Köln – Die Englische Woche des 1. FC Köln verlief effektiv und effizient zugleich: Mit neun Punkten war sie erfolgreich und damit höchst effektiv, weil der FC das maximal mögliche Ziel mit drei Siegen aus drei Spielen erreichte. Sie war aber auch in Sachen Kosten-Nutzen-Relation höchst effizient. Denn dafür, dass der FC so wenig Spielerisches zustande brachte, stand am Ende ein perfekter Return on Investment.

Das war gut

Markus Anfang lobte seine Mannschaft am Sonntag nach dem 2:1 in Ingolstadt für die Leidenschaft, die seine Spieler auf den Rasen gebracht hatten. Tatsächlich waren der Einsatz und die nötige Härte gegen unangenehme Schanzer der Schlüssel zum Erfolg gewesen. Wenn es spielerisch schon nicht läuft, muss eine Mannschaft dem Gegner alles abverlangen, um im Zweifel glücklich zu siegen.

Dass dies gelang, war zunächst einer verbesserten Defensive geschuldet. Zwar musste Timo Horn in den ersten zehn Minuten zweimal eingreifen und hatte anschließend Glück, dass Dario Lezcano aus aussichtsreicher Position zweimal verzog.
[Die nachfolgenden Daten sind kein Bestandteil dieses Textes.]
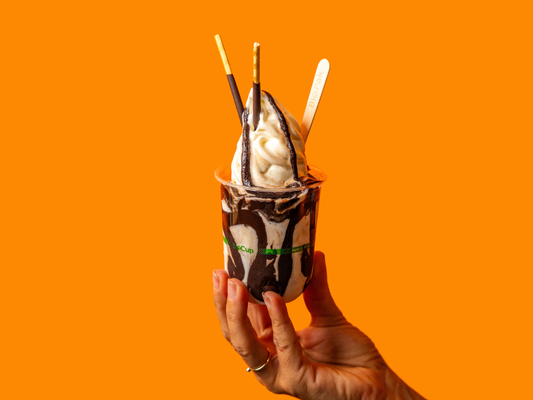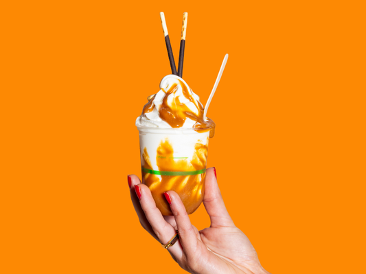 Creamy TT® Vanilla Soft Serve Ice-cream, drizzled with a lightly salted sweet miso caramel sauce. Topped with TWO chocolate-coated Pocky® sticks.

Doch gerade in Hälfte zwei ließ Köln defensiv nahezu nichts mehr anbrennen. Großchancen für Ingolstadt gab es keine mehr – der Anschlusstreffer wäre nicht gefallen, hätte Rafael Czichos kein Luftloch geschlagen. Dann wäre es auch das zweite Spiel ohne Gegentor in Folge geworden. Insofern konnte die Anfang-Elf zufrieden sein mit dem Gebotenen.

Und dann war da noch das Ausnutzen der wenigen Torchancen, die man sich selbst zwar nicht herausspielte, aber doch serviert bekam. Der Elfmeter, den Jhon Cordoba durch seine Explosivität herausholte und den Anthony Modeste sicher verwandelte. Der Eckball, den Johannes Geis perfekt auf den Fuß von Dominick Drexler servierte. Wem spielerisch wenig gelingt, der muss in den wenigen Momenten, die sich bieten, zuschlagen. So wie gegen Sandhausen, in Aue, in Ingolstadt. Das ist nicht schön anzusehen, aber eben effizient.

Aus der Englischen Woche bleibt also das Positive zurück mit nur zwei Gegentoren in drei Spielen, einer über die Spiele besser gewordenen Defensive sowie drei Toren nach Ecken und Freistößen in drei Spielen. Nicht auszumalen, was der FC erreichen könnte, wenn er jetzt auch spielerisch wieder abrufen würde, was er in dieser Saison schon gezeigt hat.